---------- DATA UNDER STUDY

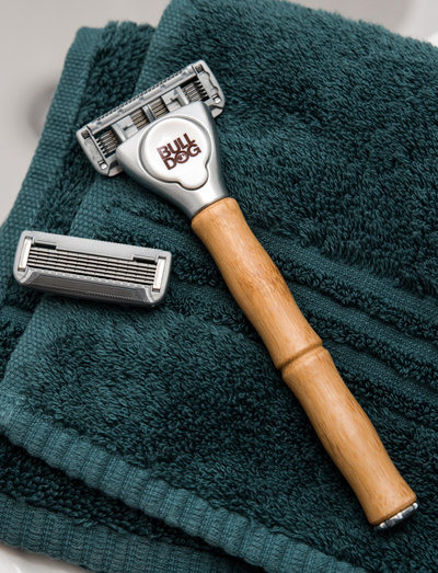 Pakke med 4 barberblade til Bulldog Original Bamboo Razor. 5 stk. hærdede stålbarberblade, smørestrimmmel med fugtgivende aloe vera og præcisionstrimmer til de vanskeligt tilgængelige steder.
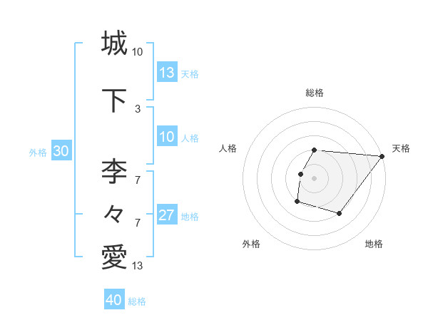 城下 李々愛さんを姓名の画数から五運を鑑定
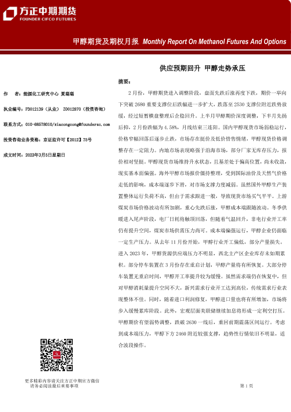 【方正中期期货】【20230305】甲醇期货及期权月报:供应预期回升,甲醇走势承压-22页
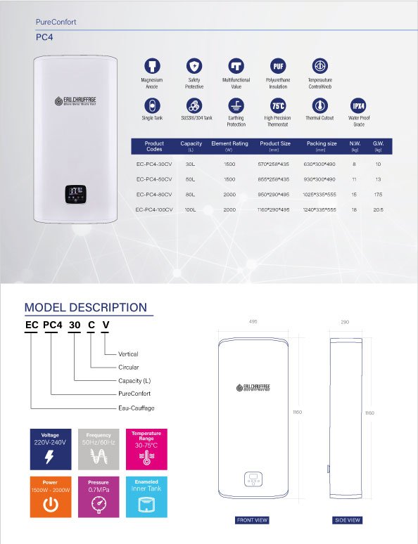 The PureConfort PC4 Electric Water Heater is crafted to deliver safe, efficient, and reliable hot water for households and small facilities. With its vertical compact design and modern digital control panel, it provides advanced comfort and convenience while maintaining top performance.
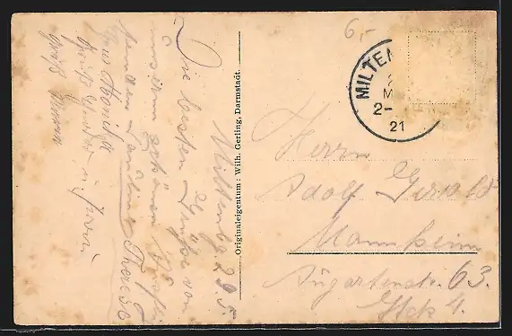 alte Ansichtskarte, gelaufen 1921, Briefmarke entfernt, guter Zustand
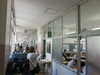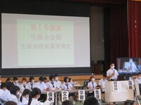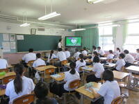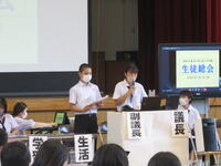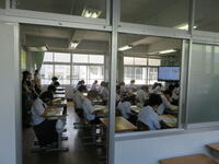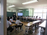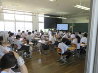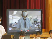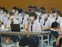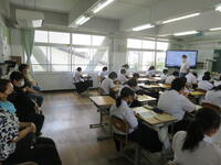 生徒は9時までに登校し、学年・学級での活動を行いました。次に10時から11時20分まで、図書室を主会場として各教室をリモートでつなぎ、平和集会を行いました。

--------------------

**EXERCISE BRIEF:** The answer must restate every entry word for word, with the pictures left out.

**WRITTEN REPLY:**
 Pakke med 4 barberblade til Bulldog Original Bamboo Razor. 5 stk. hærdede stålbarberblade, smørestrimmmel med fugtgivende aloe vera og præcisionstrimmer til de vanskeligt tilgængelige steder.
 城下 李々愛さんを姓名の画数から五運を鑑定
 【方正中期期货】【20230305】甲醇期货及期权月报:供应预期回升,甲醇走势承压-22页
 The PureConfort PC4 Electric Water Heater is crafted to deliver safe, efficient, and reliable hot water for households and small facilities. With its vertical compact design and modern digital control panel, it provides advanced comfort and convenience while maintaining top performance.
 alte Ansichtskarte, gelaufen 1921, Briefmarke entfernt, guter Zustand
 生徒は9時までに登校し、学年・学級での活動を行いました。次に10時から11時20分まで、図書室を主会場として各教室をリモートでつなぎ、平和集会を行いました。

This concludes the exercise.